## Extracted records

──────────

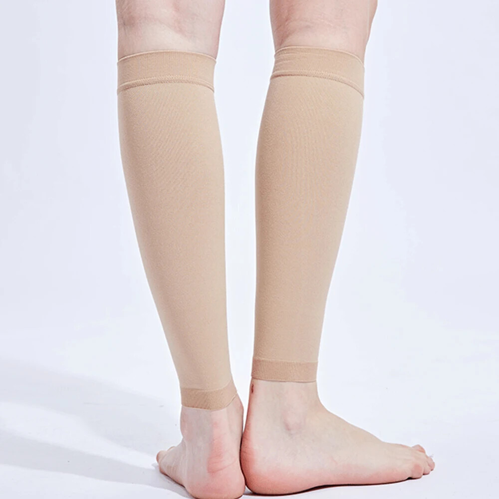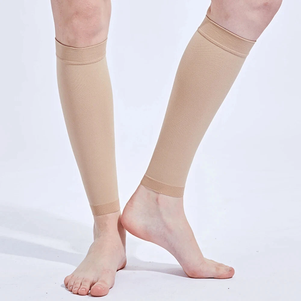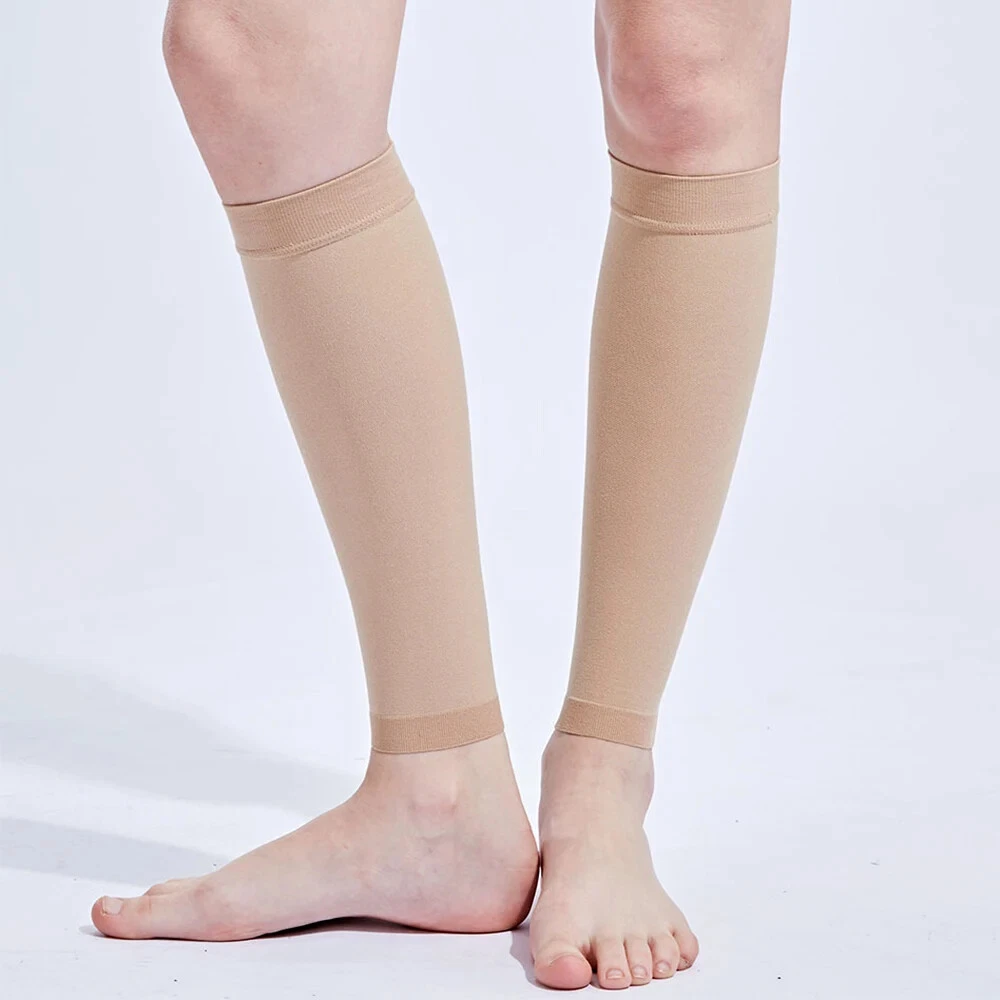 About the product: 1. Functions: 21-32 mmhg secondary pressure Calf Compression Sleeves Get your blood circulating. Great for relief of varicose veins, shin splints, calf compression, calf cramps or other leg swelling issues. Prevent blood clots after surgery and fits well unlike other doctor prescribed stiff varieties. These sleeves allow you to recover faster & feel stronger. 2. Size: S/M/L/XL/XXL, suitable for calf circumference between 25-45cm/9.8-18inch, fits unisex. Discreet and stylish design for walking, sitting, standing, travel and all attire from casual to work, dress or formal. 3. Multi applications: used for fatigue, pain, stiffness, soreness, swelling, cramps, shin splints, varicose veins, lymphedema, phlebitis, DVT (deep vein thrombosis), blood clots and plantar fasciitis. 4. Comfortable material - Made of durable, lightweight, breathable, high-quality lycra materials and superior moisture wicking yarns for ultimate comfort and breathability. Painstakingly measured to ensure an exact fit, they fit just right on your calf, not too tight, they're so comfortable that you'll forget you have them on! 5. Daily use and many activities - Our calf compression sleeves are ideal for daily use especially for people in retail, nursing, travel, hospitality & jobs that require you to be on your feet a lot. They are also perfect for running, walking, cycling, basketball, baseball, volleyball etc. Multi applications: Used for fatigue, pain, stiffness, soreness, swelling, cramps, shin splints, varicose veins, lymphedema, phlebitis, DVT (deep vein thrombosis), blood clots and plantar fasciitis. Daily use and many activities Our calf compression sleeves are ideal for daily use especially for people in retail, nursing, travel, hospitality & jobs that require you to be on your feet a lot. They are also perfect for running, walking, cycling, basketball, baseball, volleyball etc. Details: Gender: unisex. Condition: 100% new Item type: Calf Compression Sleeve Material: lycra Color: black/beige Secondary pressure: 30-40mmhg Applicable season: spring, summer, autumn, winter. Size: S--- Calf max circumference: 26.5-37cm/10.4-14.6inch Leg max circumference: 39-55/15.4-21.7inch Naked min circumference : 16.5-20.5cm/6.5-8inch M --- Calf max circumference: 29-39.5cm/11.4-15.6inch Leg max circumference: 44.5-61cm/17.5-24inch Naked min circumference : 20.5-24.5cm/8-9.6inch L --- Calf max circumference: 32-43cm/12.6-16.9inch Leg max circumference: 49.5-66cm/19.5-26inch Naked min circumference : 24.5-28cm/9.6-11inch XL --- Calf max circumference: 34.5-44.5cm/13.6-17.5inch Leg max circumference: 56-71cm/22-28inch Naked min circumference : 28-32cm/11-12.6inch XXL --- Calf max circumference: 36-47cm/14.2-18.5inch Leg max circumference: 61-76cm/24-30inch Naked min circumference : 32-36cm/12.6-14.2inch Suggestion: Due to the poor pressure and high sensitivity of the older, the older above 45 years old please choose large size than your normal wearing size. Package include: 1Pair * Medical Calf Compression Sleeves The best of health! When you receive the parcel, if the product has problems, please don't give bad review. Simply contact us promptly and we will help you solve.
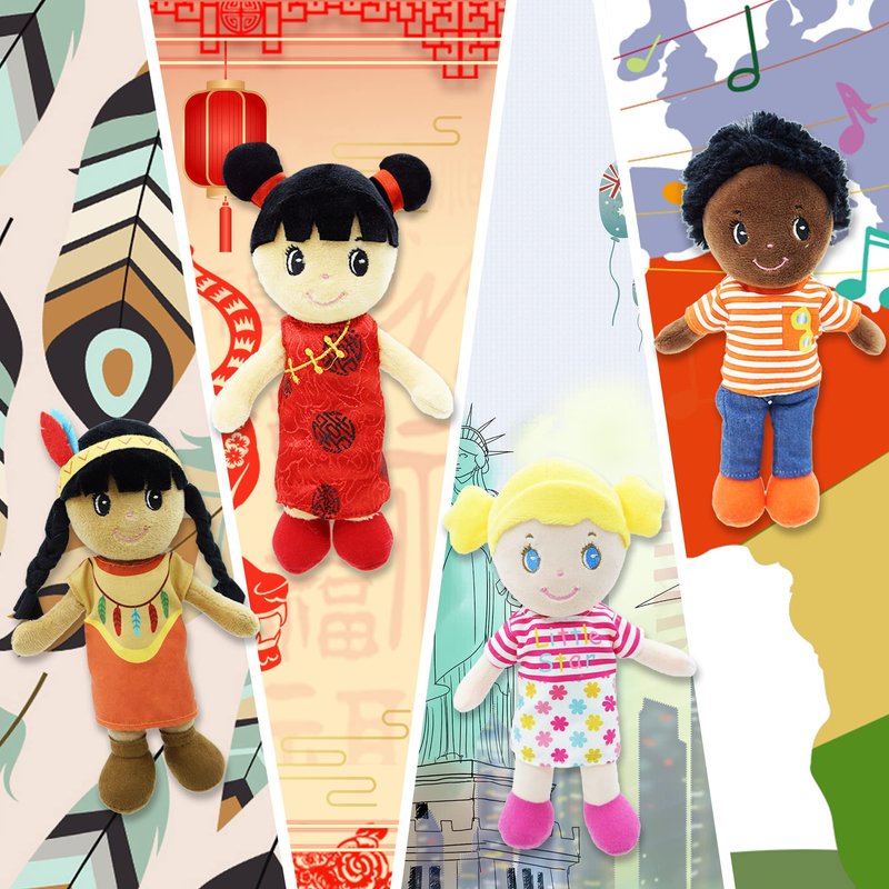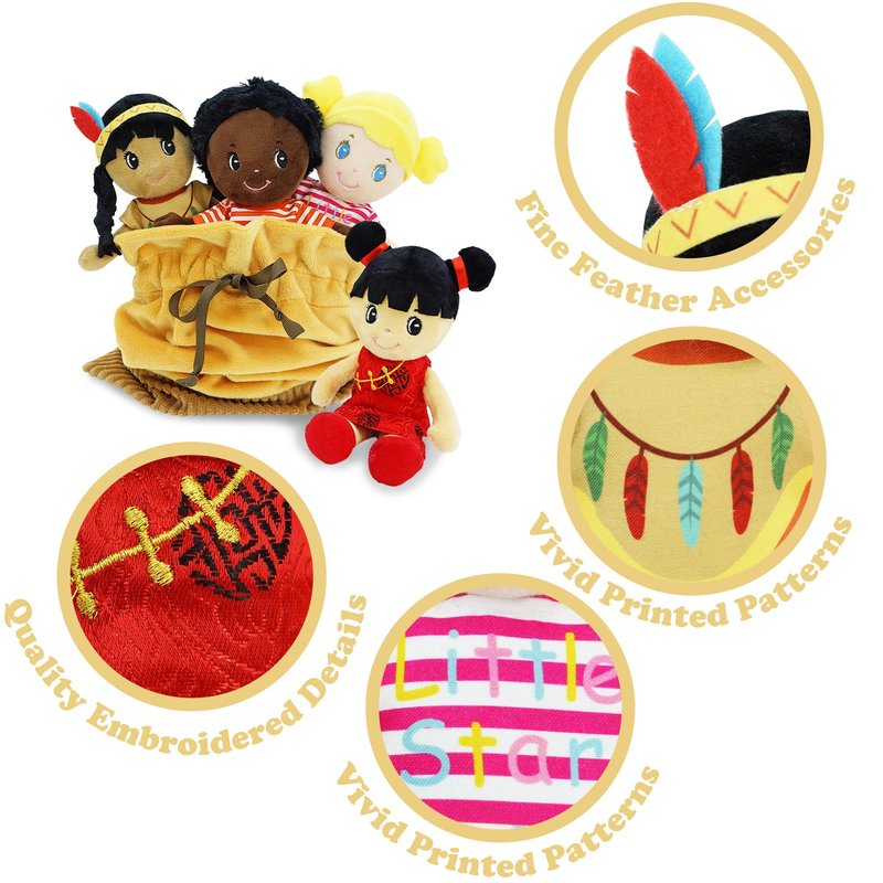 - MULTICULTURAL DOLL SET: Introducing the June Garden Soft Baby Doll Set, featuring 4 diverse 8.5" plush baby dolls representing Native American, Asian, African American, and Caucasian cultures, fostering an early appreciation for diversity.ferent cultures and a convenient toy storage bag.
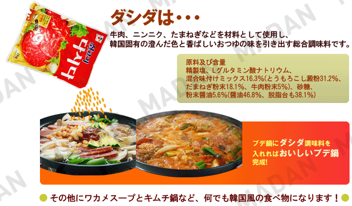 ● 商品特徴 チゲ鍋、チャーハン、スープなど料理全般にご使用いただけます。牛肉のダシのきいた、いい味に仕上がります。韓国では、チゲ鍋とかスープ類を作るとき、無くてはならない存在になりました。
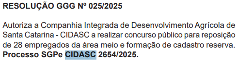 - Últimos editais: CIDASC 2024 | CIDASC 2022
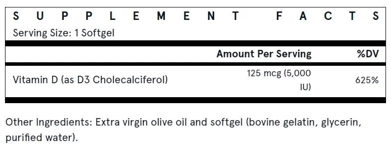 JARROW Vit D3 5000 IU SGC 100 sgel
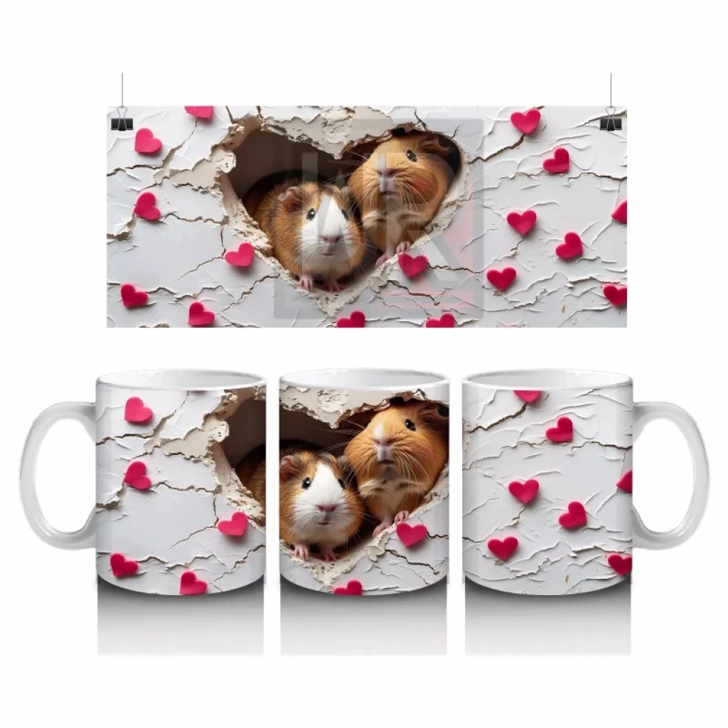 Kalpli fon üzerinde duran bu minik kobaylar, sadelikleriyle kalpleri fethediyor. Sevimli kemirgen dostlarını sevenler için hem tatlı hem özgün bir kupa tasarımı.
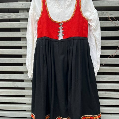 Meget pent brukt, med bluse, veske, lue, sjal, 2 søljer og sko str 40-41. Passer til person ca 170 cm. Midjemål 80 cm.
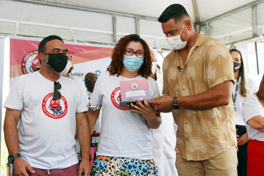 Na Semana Nacional do Doador de Sangue, a Fundação de Hematologia e Hemoterapia da Bahia (Hemoba) lançou a campanha ‘Heróis da Vida Real’. O cantor Xanddy, da banda Harmonia do Samba, e a banda A Música Une, formada por profissionais do Hospital Espanhol, que integram à campanha, participaram da cerimônia de homenagem aos doadores fidelizados e a trabalhadores da instituição, nesta quinta-feira (25), Dia Nacional do Doador de Sangue.
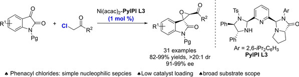 [17] Han-Le Wang, Tao Wei, Ru-Yun Bi, Ming-Sheng Xie*, Hai-Ming Guo*, Imidazolidine-Pyrroloimidazolone Pyridine-Ni(acac)2 Complex Catalyzed Asymmetric Darzens Reaction of Isatins with Phenacyl Chlorides: A Chiral Amplification Effect, Adv. Synth. Catal., 2024, 366, 14, 3188-3193.
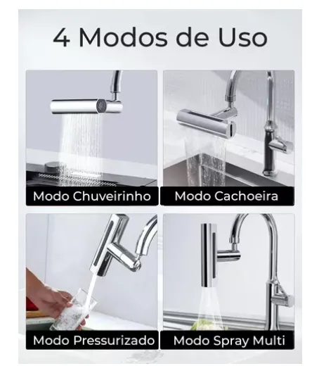 Adaptador Torneira Extensor Arejador Cascata 4 Modos 360o
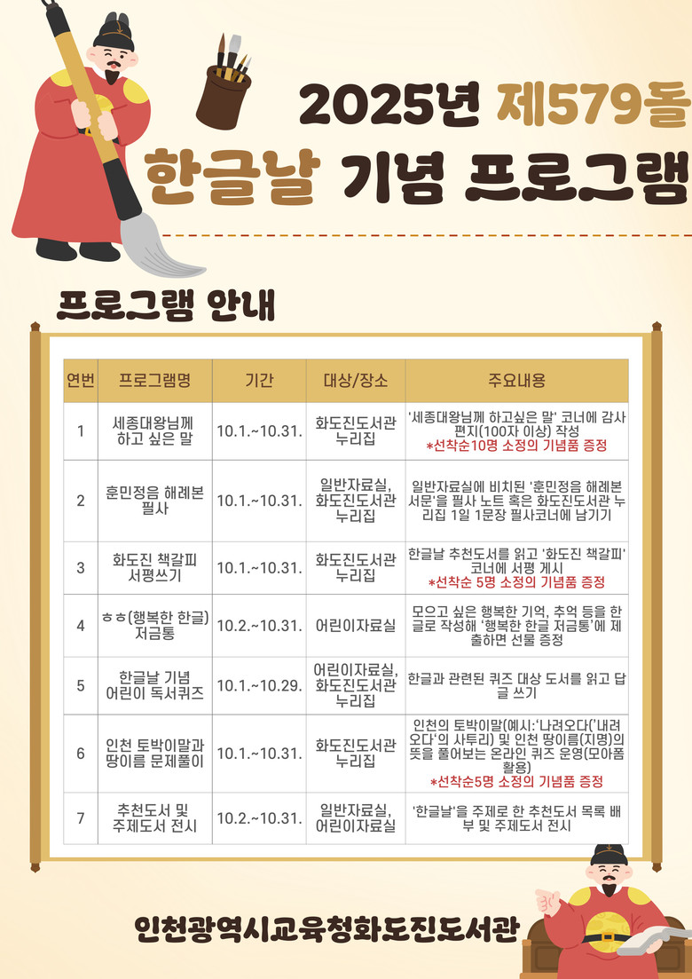 어린이자료실에서는 ‘행복한 한글 저금통’과 ‘어린이 독서퀴즈’가 진행되며, 일반자료실과 어린이자료실에서는 『제579돌 한글날』과 『한글날 이야기』를 주제로 한 도서 전시도 진행될 예정이다.
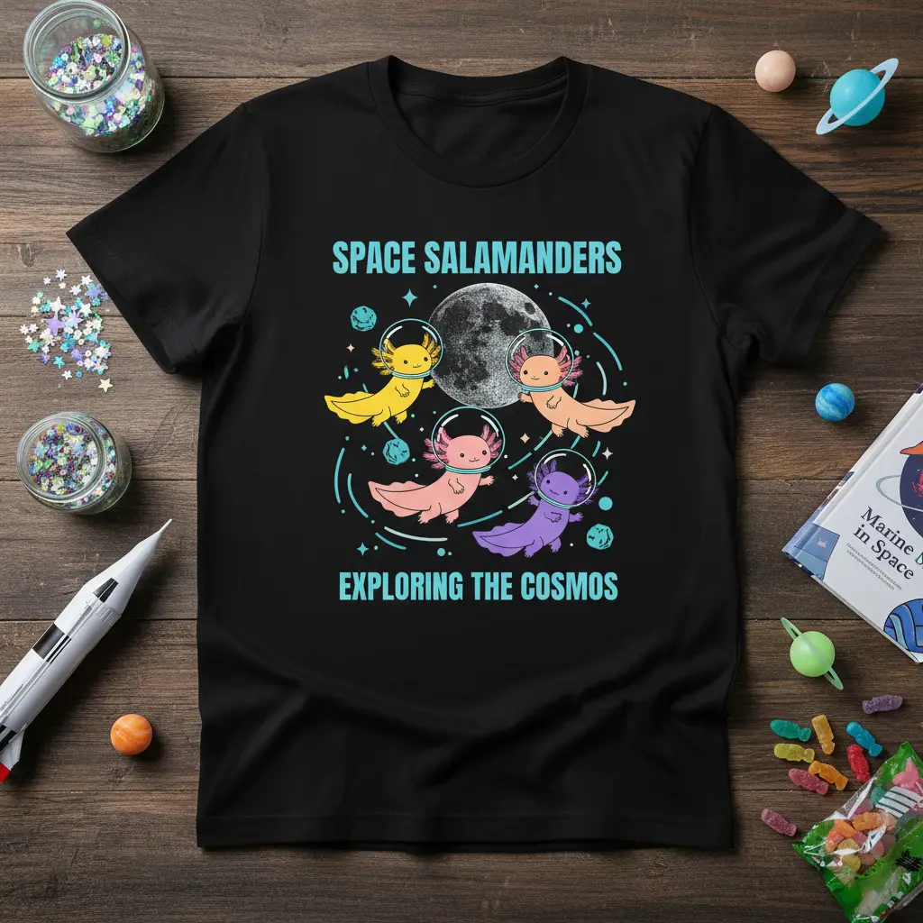 SPACE SALAMANDERS EXPLORING THE COSMOS text is boldly presented on this unique t-shirt, inviting you to a universe of fun and fascination. This design captures the imagination with its whimsical depiction of axolotls venturing through the vast expanse of space. It’s more than just apparel; it’s a statement piece for anyone who dreams of the stars and adores these charming aquatic creatures. Get ready to showcase your love for both axolotls and the mysteries of the cosmos with this eye-catching tee.

──────────

## Instructions for the task
Among the entries above, take the lines from the one with "- MULTICULTURAL DOLL" through the one with "Meget pent brukt, med" and retype them exactly, leaving out the pictures.

## Problem solution
 - MULTICULTURAL DOLL SET: Introducing the June Garden Soft Baby Doll Set, featuring 4 diverse 8.5" plush baby dolls representing Native American, Asian, African American, and Caucasian cultures, fostering an early appreciation for diversity.ferent cultures and a convenient toy storage bag.
 ● 商品特徴 チゲ鍋、チャーハン、スープなど料理全般にご使用いただけます。牛肉のダシのきいた、いい味に仕上がります。韓国では、チゲ鍋とかスープ類を作るとき、無くてはならない存在になりました。
 - Últimos editais: CIDASC 2024 | CIDASC 2022
 JARROW Vit D3 5000 IU SGC 100 sgel
 Kalpli fon üzerinde duran bu minik kobaylar, sadelikleriyle kalpleri fethediyor. Sevimli kemirgen dostlarını sevenler için hem tatlı hem özgün bir kupa tasarımı.
 Meget pent brukt, med bluse, veske, lue, sjal, 2 søljer og sko str 40-41. Passer til person ca 170 cm. Midjemål 80 cm.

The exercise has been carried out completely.